I have no idea when this story was written or where it was ever posted. But, like the previous chapters, it focuses on the Turtles through the eyes of their friends, and so it seems to fit right here in the anthology.

Bonus note: A few weeks after originally posting this chapter, I stumbled across some records indicating that it was first posted on Stealthy Stories in June 2009.


I stick a post-it, written on the back, to the kitchen window, and go up to the roof to watch the sun set.

Sure enough, after dark, I find myself joined by a shadow of a friend.

"Hi," he says. "Saw your note." A comfortable pause. "What brings you up here?"

I take my time, thinking about it. He's looking at the sky, not even really waiting, just being. There's no rush.

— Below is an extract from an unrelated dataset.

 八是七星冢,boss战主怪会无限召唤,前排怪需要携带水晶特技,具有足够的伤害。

"I thought it would be nice to... take the evening air."

He nods, dark against dark.

This is where our worlds overlap, just for a little while. The night is early enough that my mind doesn't populate it with bogeymen or with flesh-and-blood criminals; late enough to cover him with a cloak of safety, of anonymity.

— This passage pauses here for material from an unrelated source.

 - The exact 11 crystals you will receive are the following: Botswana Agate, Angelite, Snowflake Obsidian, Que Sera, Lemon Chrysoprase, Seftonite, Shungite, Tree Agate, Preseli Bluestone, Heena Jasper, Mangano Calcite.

Are YOU even sure which one he is?

It can be hard to tell, when he's just a shape, a soft voice, a solidity in the gently moving air.

Of course I am.

It's beautiful up here.

The little boxed-in roof of my two-story building is freedom for me, but just a waypoint for him, a launching pad before he rockets away under the stars. (Stretching himself over thirty-story drops, swinging up crenellations, reveling in the interplay of body and building, anatomy and architecture. Once I was on a mission with them - when we made our escape, they ordered me to ride turtle-back as they booked it over the roofs. I was convinced I was going to die at any second. It was also the most exhilarating experience of my life.)

Sometimes I don't know why they come to my place so often. Sometimes I do. I'm their link to the opposite half, their doorway to the world on the other side of sunrise. They stand in the edge of twilight, catching the reflected glow, picking up breadcrumbs.

I stand there too, in the cool penumbra, because I hate being trapped on my side of the line, always hearing women shouldn't be out alone after dark. In a still-not-perfect city, they make things a little more okay. They would never let the monsters catch me, never let the blackness swallow me down.

I trust them. And I know, from their increasing unselfconsciousness about topics of conversation (details their enemies would pay anything to know, details that make me even more fiercely protective of my mutant family) that they trust me.

I know, from the way that they no longer feel compelled to talk all the time, nervously spilling out words, constantly reminding me that they're not what they look like.

I know. I've learned. I don't forget who they are when they're quiet, don't lose my trust when I can't see what they're doing.

Like now.

His strength and his weapons (which weapons, are you sure?) so close, so invisible, and this easy silence between us, and it hardly even matters which one he is, because I know none of them would ever hurt me.

These are not the people my parents warned me about.

Time's up. The day shift is over; the night shift is starting. This belongs to him.

I move towards the edge of the roof. "Are you coming in?" I ask, but I don't think he will. For them, in is a place to wait out the sun. Not a place to go during those precious hours of deep dark, when their own bogeymen seek refuge, and the roofs and alleyways become the castles and boulevards in their kingdom of the night.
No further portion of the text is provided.